General business applications. These are the kinds of general-purpose workloads typically found in the internal data centers of most traditional businesses; the application users are usually located within the business. Many such workloads are small, and they are often not designed to scale out. They are usually architected with the assumption that the underlying infrastructure is reliable, but they are not necessarily mission-critical. Examples include intranet sites, collaboration applications such as Microsoft SharePoint and many business process applications.
Enterprise applications. These are general-purpose workloads that are mission-critical, and they may be complex, performance-sensitive or contain highly sensitive data; they are typical of a modest percentage of the workloads found in the internal data centers of most traditional businesses. They are usually not designed to scale out, and the workloads may demand large VM sizes. They are architected with the assumption that the underlying infrastructure is reliable and capable of high performance.
Development environments. These workloads are related to the development and testing of applications. They are assumed not to require high availability or high performance. However, they are likely to require governance for teams of users.

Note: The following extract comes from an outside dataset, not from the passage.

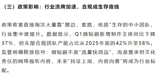 2026年第一季度,微短剧新增制作主体同比下降37%,行业主动淘汰低质低效产能,头部合规团队产能占比从2025年底的42%升至58%,行业向高质量、精品化转型的结构性调整趋势愈发明显。
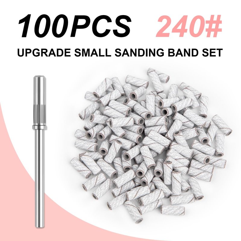 - Upgrade 3.1MM Mini Sanding Bands Set: Quantity: 100pcs Small Sanding Bands and 1pcs Mandrel Bit| Color: Zebra| Grit: 240 Extreme Fine|Mandrel Shank Size: 3/32''. Each mini sanding bands for nail drill set comes in a beautiful clear case, easy to store and carry, and dustproof and waterproof.

Batch computing. These workloads include high-performance computing (HPC), big data analytics and other workloads that require large amounts of capacity on demand. They do not require high availability, but may require high performance.
Internet of Things (IoT) applications. IoT applications typically combine the traits of cloud-native applications with the traits of big data applications. They typically require high availability, flexible and scalable capacity, interaction with distributed and mobile client devices, and strong security; many such applications also have significant regulatory compliance requirements.
For all the vendors, the recommended uses are specific to self-managed cloud IaaS. However, many of the providers also have managed services, as well as other cloud and noncloud services that may be used in conjunction with cloud IaaS. These include hybrid hosting (customers sometimes blend solutions, such as an entirely self-managed front-end web tier on public cloud IaaS, with managed hosting for the application servers and database), as well as hybrid IaaS/PaaS solutions. Even though we do not evaluate managed services, PaaS and the like in this Magic Quadrant, they are part of a vendor’s overall value proposition and we mention them in the context of providing more comprehensive solution recommendations.